Au terme de nos auditions, rappelons-nous que l’histoire n’est pas manichéenne. N’ajoutons pas aux difficultés vécues de notre société en termes de communautarisme « l’incompatibilité conflictuelle de la mémoire ».

[…] Pour l’heure, ne touchons pas aux lois déjà votées mais pour l’avenir, je constate qu’en matière de mémoire, la révision constitutionnelle de cet été nous dote d’un nouvel outil, la résolution.

Extrait (page 189) : [Contribution de M. Christian Vanneste, député UMP du Nord]

«L’histoire oscille en effet toujours entre une exigence de vérité scientifique sur le passé et une explosion idéologique de celui-ci suscité par les querelles du présent. […] C’est pourquoi il convient de souligner particulièrement le danger que représentent les revendications mémorielles de groupes identitaires. Celles-ci divisent la Nation, au lieu de l’unir, enveniment les plaies plus ou moins réelles du passé pour mieux exacerber les conflits du présent, et cherchent à développer un climat de repentance malsaine pour des générations qui ont davantage besoin de trouver dans la fierté du passé les aliments qui vont nourrir leur confiance dans l’avenir.

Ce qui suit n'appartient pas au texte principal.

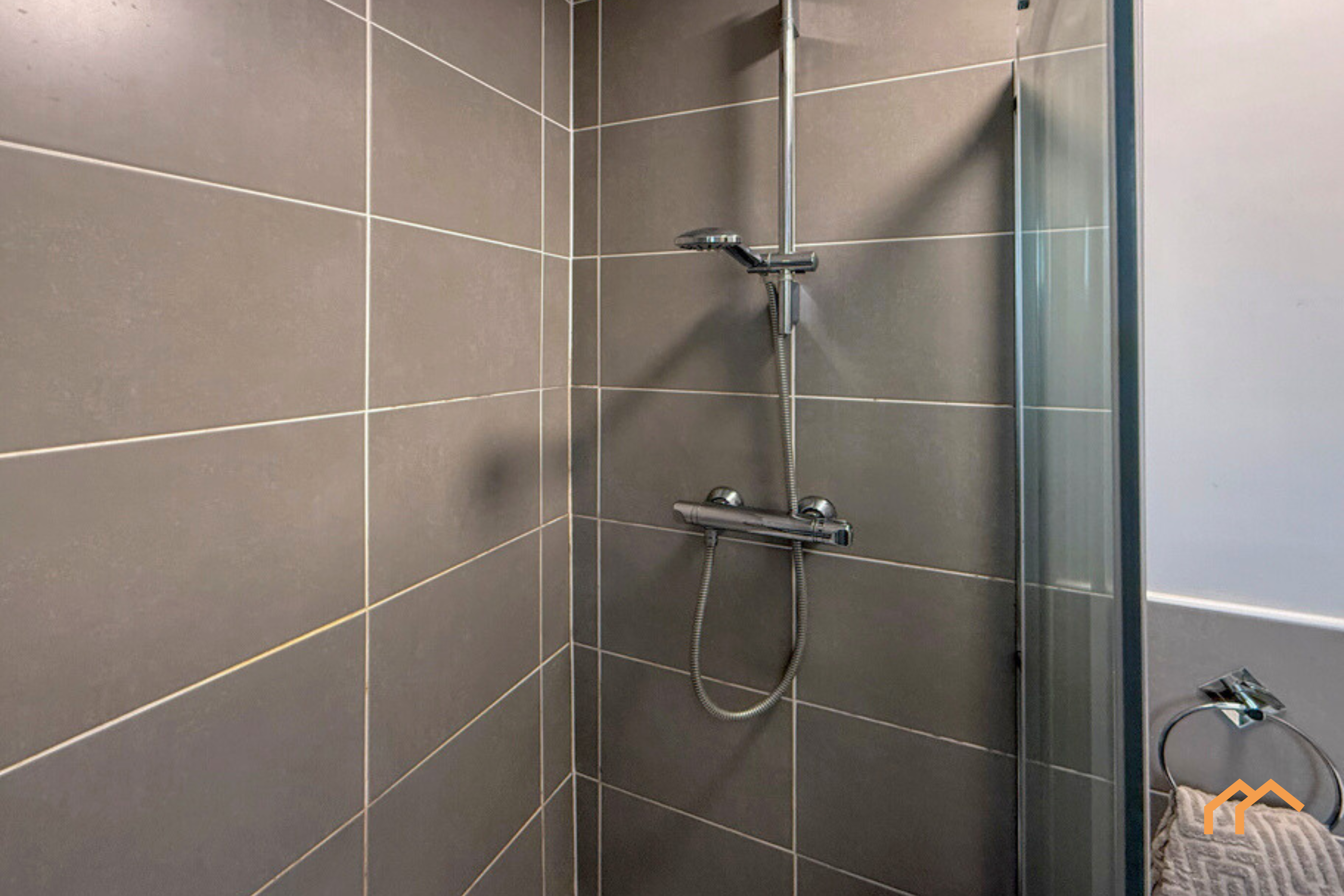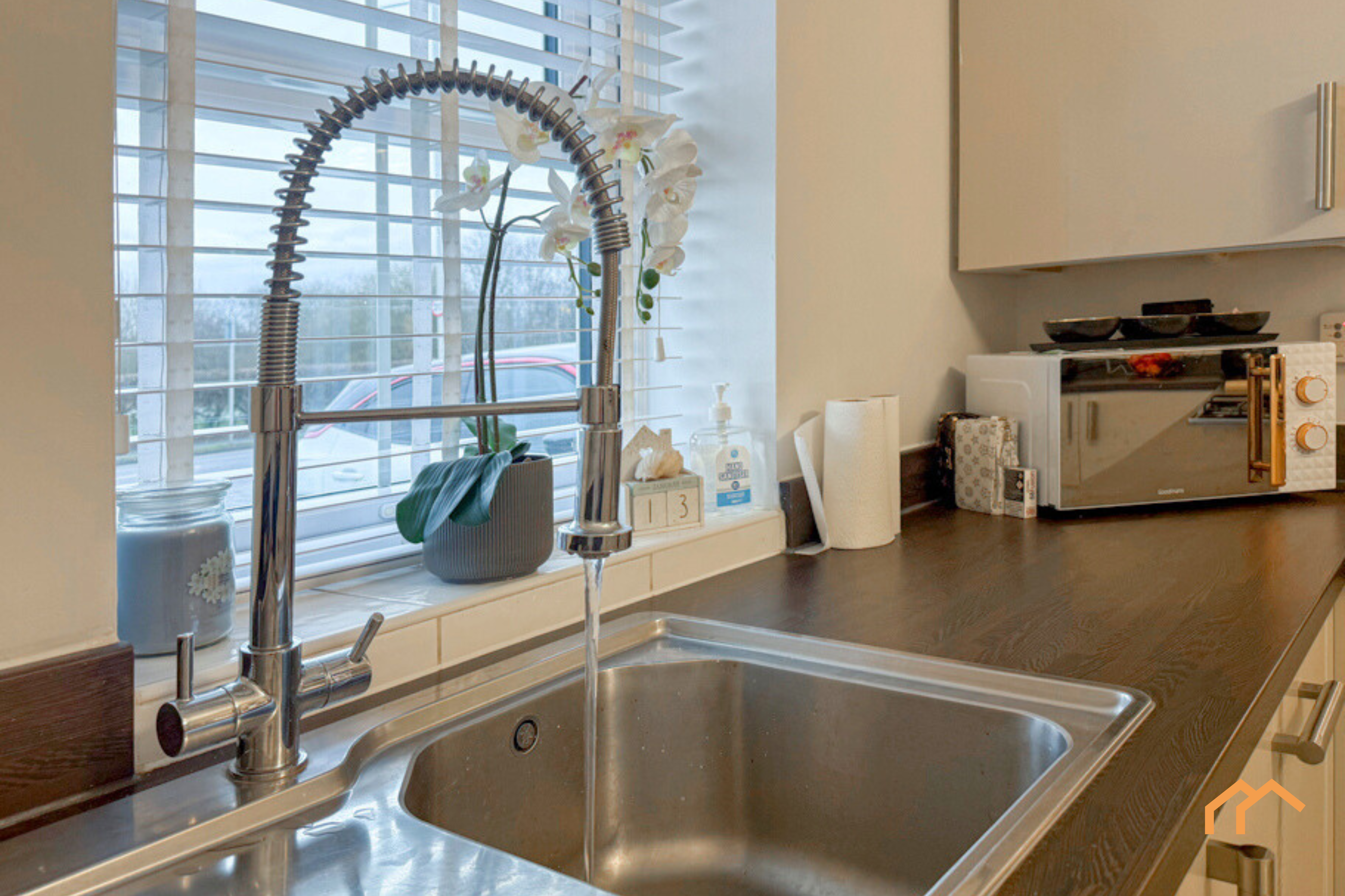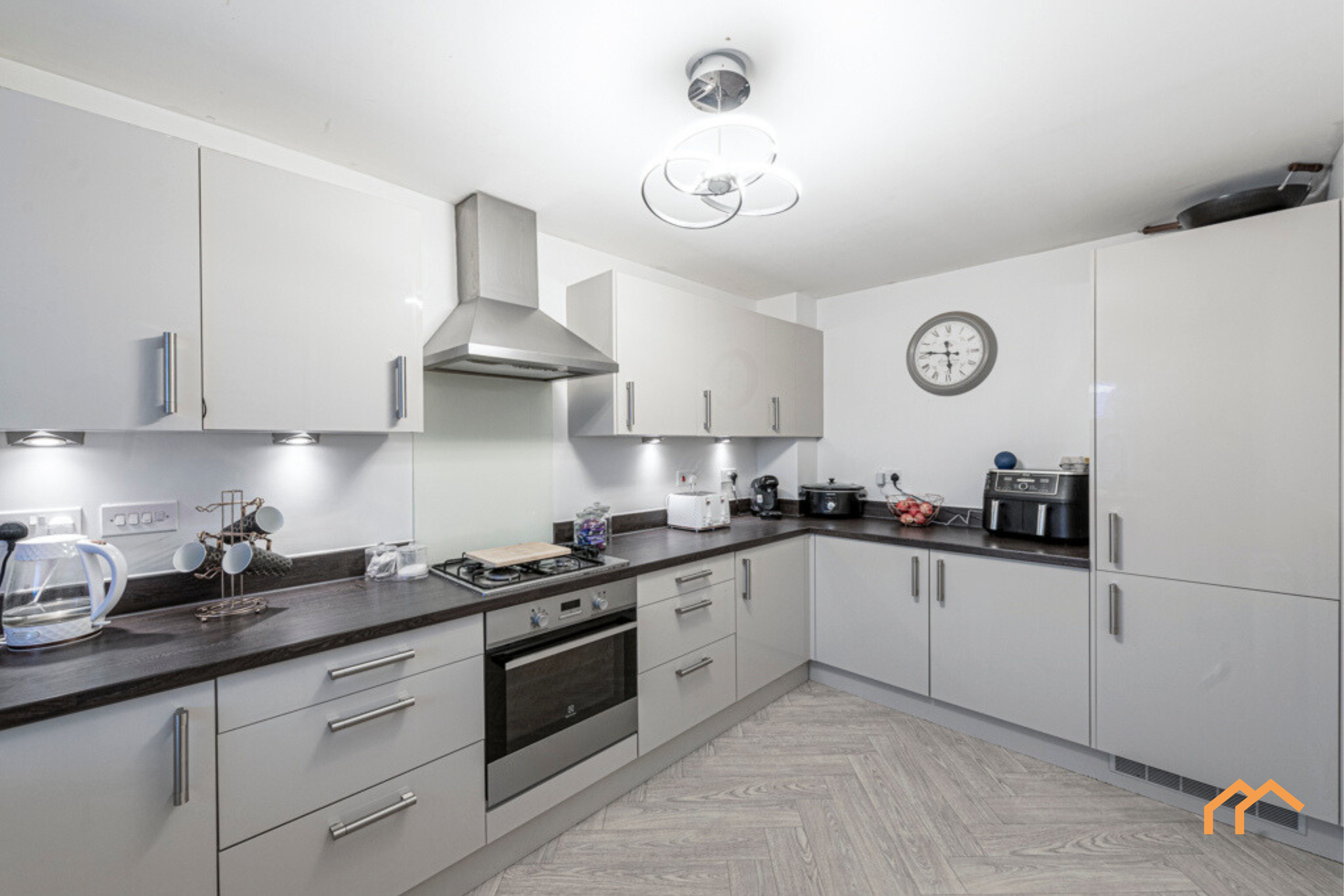Featuring an integrated fridge freezer, washing machine and dishwasher the spacious kitchen has a range of wall and floor units providing ample storage space. There is also an electric oven, gas hob and chimney-style extractor hood. The kitchen also houses the combi boiler.

[…] Enfin, je ne peux que regretter l’engagement initial de la Mission de ne pas remettre en cause les lois mémorielles.

Extrait (page 190) : [Contribution de Mme Catherine Coutelle, députée SRC de la Vienne]

« Nous semblons vivre une époque d’injonction mémorielle et pour certains de trop plein de commémorations et célébrations. Peut-on réparer aujourd’hui les erreurs ou les fautes d’hier ?

Cette injonction du souvenir, est-ce pour que le passé ne revienne pas ou au contraire pour qu’il revienne ? »


NDLR (Gayssoteries) :

Il apparaît dans ce rapport qu’une quantité importante de personnalités sont plutôt gênées par le principe et les dispositions pénales de la loi Gayssot.
Le rapport de la mission d’information sur les lois mémorielles  montre une nette tendance à rejeter l’aspect abusif de sa disposition pénale. Toutefois, rares sont ceux qui osent envisager sérieusement de revenir dessus (la commission ayant établi dès le départ que la discussion ne remettrait pas en question la loi Gayssot – le débat ne portant donc pas sur le bien fondé des lois mémorielles mais uniquement sur le bien fondé de celles à à venir : comment nier les requêtes futures tout en protégeant la loi Gayssot si ce ne sont pas des pirouettes juridiques malhonnêtes ?).
Étrangement, les malaises devant les propositions de loi déposées sur son modèle inquiètent (c’était d’ailleurs cette inquiétude qui avait motivé la réflexion sur les lois mémorielles).

La pénalisation du négationnisme et du révisionnisme est gênante mais, comme un tabou, on tourne autour, on l’effleure, on la pointe du doigt mais jamais on ne s’y frotte (au risque de s’y piquer!).
Mais comment refuser les propositions de loi sur la base d’un modèle (Loi Gayssot)qu’on défend ?
Un modèle n’est-il pas ce qui est donné pour être reproduit ? comment, dès lors, rejeter les tentatives de reproduction du modèle ?

La boîte de Pandore ouverte et la leçon apprise, il s’agirait à présent d’en retrouver la clef.